Since many stations last updated on the same dates, it is logical to want to sort further, for example, by `Country` at constant date, and then by station name:

In [None]:
local_sea_level_stations.sort_values(by=["Date", "Country", "Station Name"], ascending=False)

**EXERCISE:** Use the `apply` method to search through the stations names for a station in New York. What is the ID of the station?

In [None]:
# Your code here

### Stack and unstack

Let's look at the GISS dataset differently. Instead of seeing the months along the axis 1, and the years along the axis 0, it would could be good to convert these into an outer and an inner axis along only 1 time dimension.
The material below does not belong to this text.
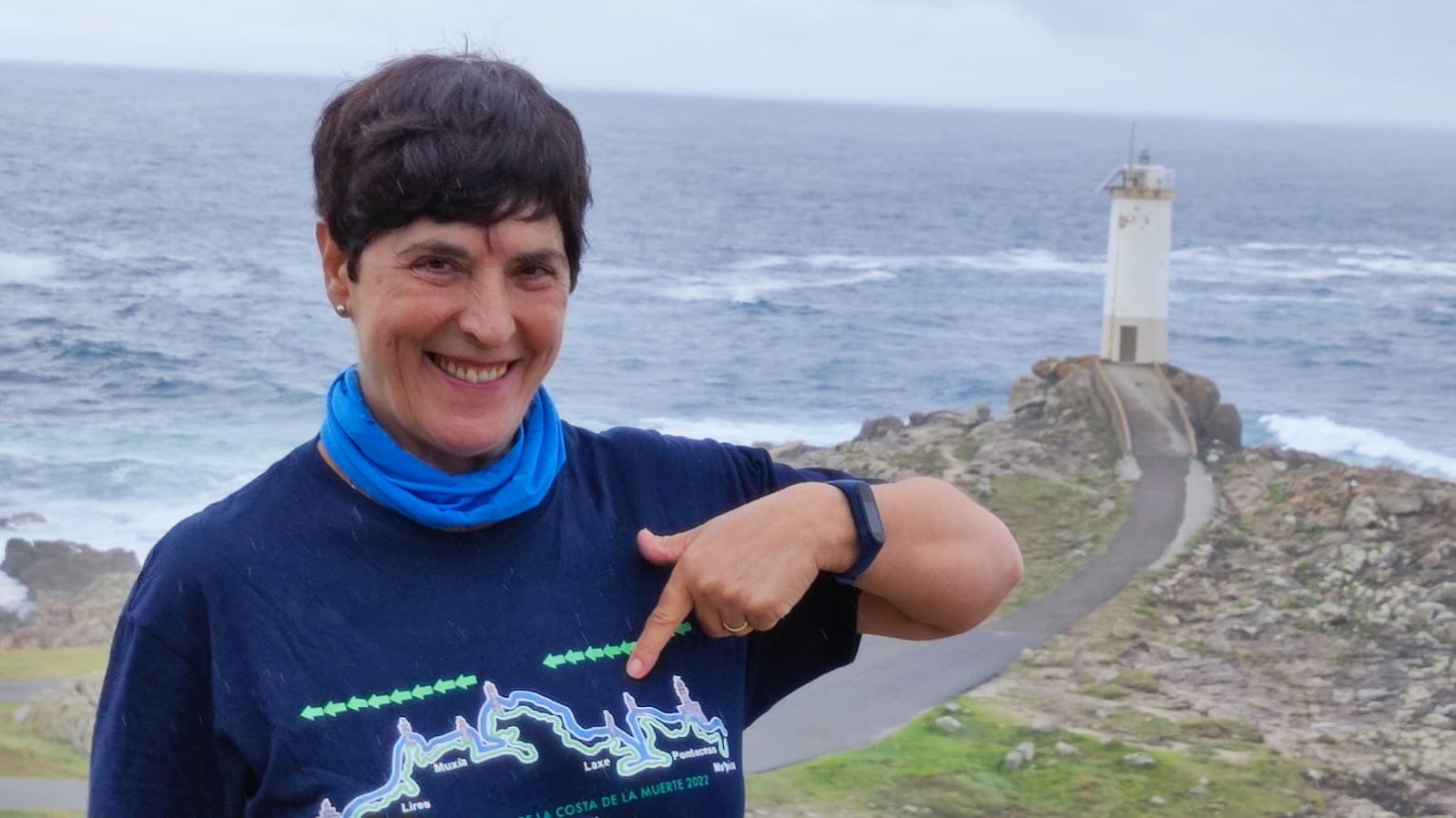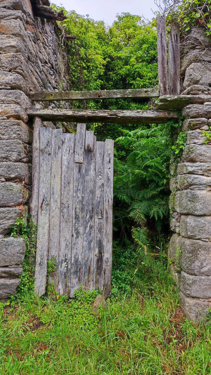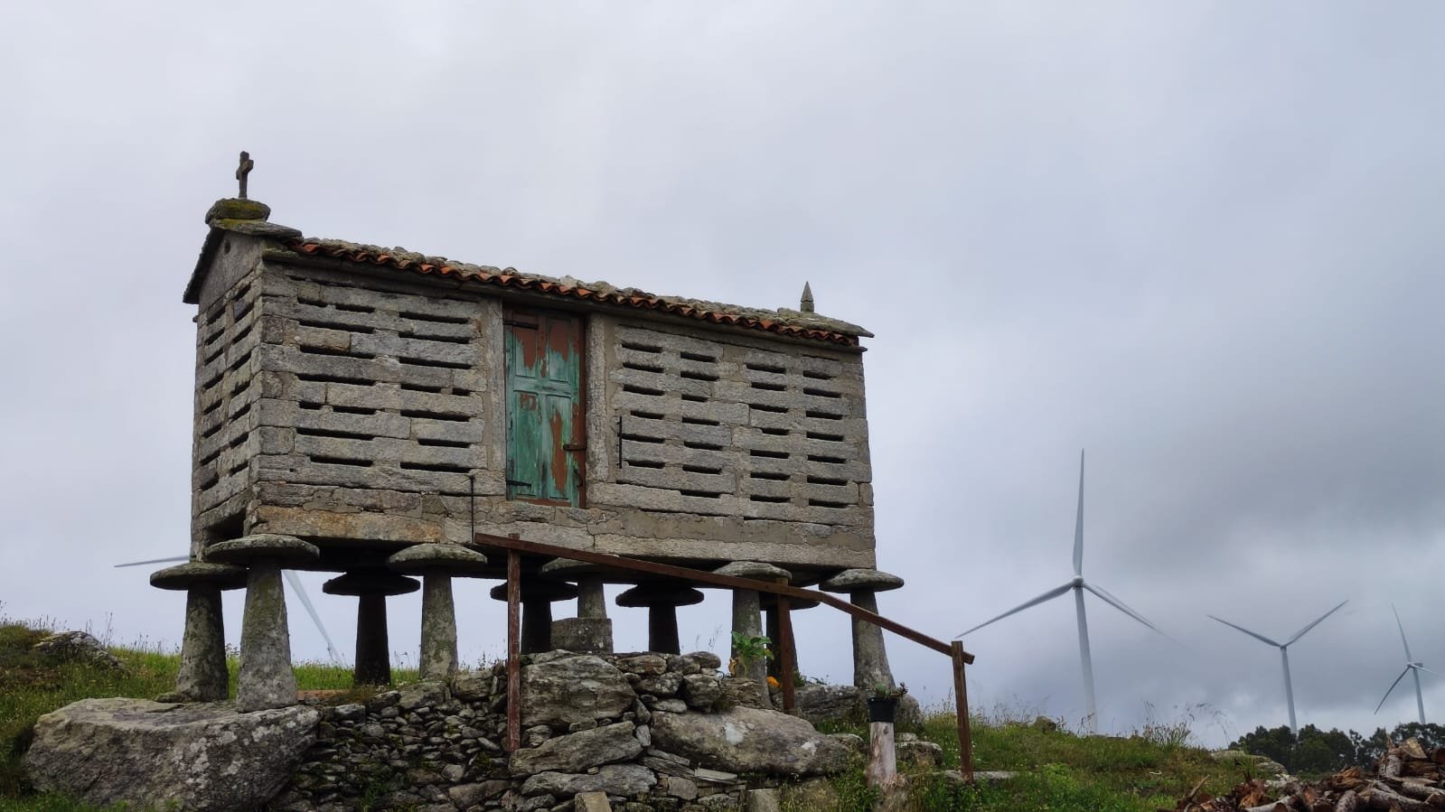 En la playa nos encontramos con un paseante con dos perros con el que conversamos un momento mientras tomamos unos dátiles y nos refrescamos antes de afrontar el siguiente tramo que nos llevará a la aldea de O Roncudo. Pasamos por la punta de Espiñeira y su cruz, por las puntas de Castro y das Eiras por un sendero a mitad del acantilado recién desbrozado, lo que hemos celebrado adecuadamente.La alegria ha durado poco. Desde la Punta Percebellosa iniciamos una fuerte subida con los helechos por la cintura.Vuelve a llover, con lo que la sensación es la de estar cruzando una ría cuesta arriba. Pasamos junto a un parque de aerogeneradores y nos adentramos en un denso bosque cruzado por un regato. La subida se hace mas empinada hasta que llegamos a la aldea de O Roncudo, con unos bonitos hórreos, casa de piedra muy cuidadas y un grifo para llenar agua. Dejamos la aldea por la carretera de servicio del parque eólico que pronto se transforma en pista y, después, en sendero. Un descenso hasta la cota de 20 m, que hay que gestionar con sumo cuidado, y su posterior subida hasta la Pedra Frades nos ponen el faro de O Roncudo a la vista. Para llegar al faro aun tenemos que sudar un poco y recorrer un rocoso sendero de unos 1500 m.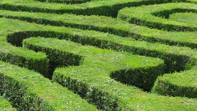 Un peu plus loin, dans les jardins, au sein d'un labyrinthe végétal.

Stacking and unstacking allow to convert pandas structures from wide formats to long format. Here is an example:

In [None]:
giss_temp

In [None]:
giss_temp.stack?

In [None]:
giss_temp_series = giss_temp.stack()
giss_temp_series.name = "Temp anomaly"
giss_temp_series

In [None]:
# Note the nature of the result:
type(giss_temp_series)

### A side note: Multi-indexes

For more details, see http://pandas.pydata.org/pandas-docs/stable/advanced.html

In [None]:
# Note the nature of the resulting index:
giss_temp_series.index

In [None]:
# It is an index made of 2 columns. Let's fix the fact that one of them doesn't have a name:
giss_temp_series.index = giss_temp_series.index.set_names(["year", "month"])

In [None]:
# We can now access deviations by specifying the year and month:
giss_temp_series[(1980, "Jan")]

But this new multi-index isn't very good, because is it not viewed as 1 date, just as a tuple of values:

In [None]:
giss_temp_series.plot(figsize=LARGE_FIGSIZE)

To improve on this, let's reuse an index we generated above with `period_range`:

In [None]:
giss_temp_series.index = giss_temp_index
giss_temp_series.plot(figsize=LARGE_FIGSIZE)

## 10. Data agregation and summarization

Now that we have a good grasp on our datasets, Let's transform and analyze them some more to prepare them to compare them. The 3 function(alities)s to learn about here are `groupby`, `merge` and `pivot_table`.

### GroupBy

For more details, see http://pandas.pydata.org/pandas-docs/stable/groupby.html

Let's first look at the average lattitude of sea level stations for each country in `local_sea_level_stations`:

In [None]:
local_sea_level_stations

#### Grouping by an existing column

In [None]:
sl_stations_grouped_country = local_sea_level_stations.groupby("Country")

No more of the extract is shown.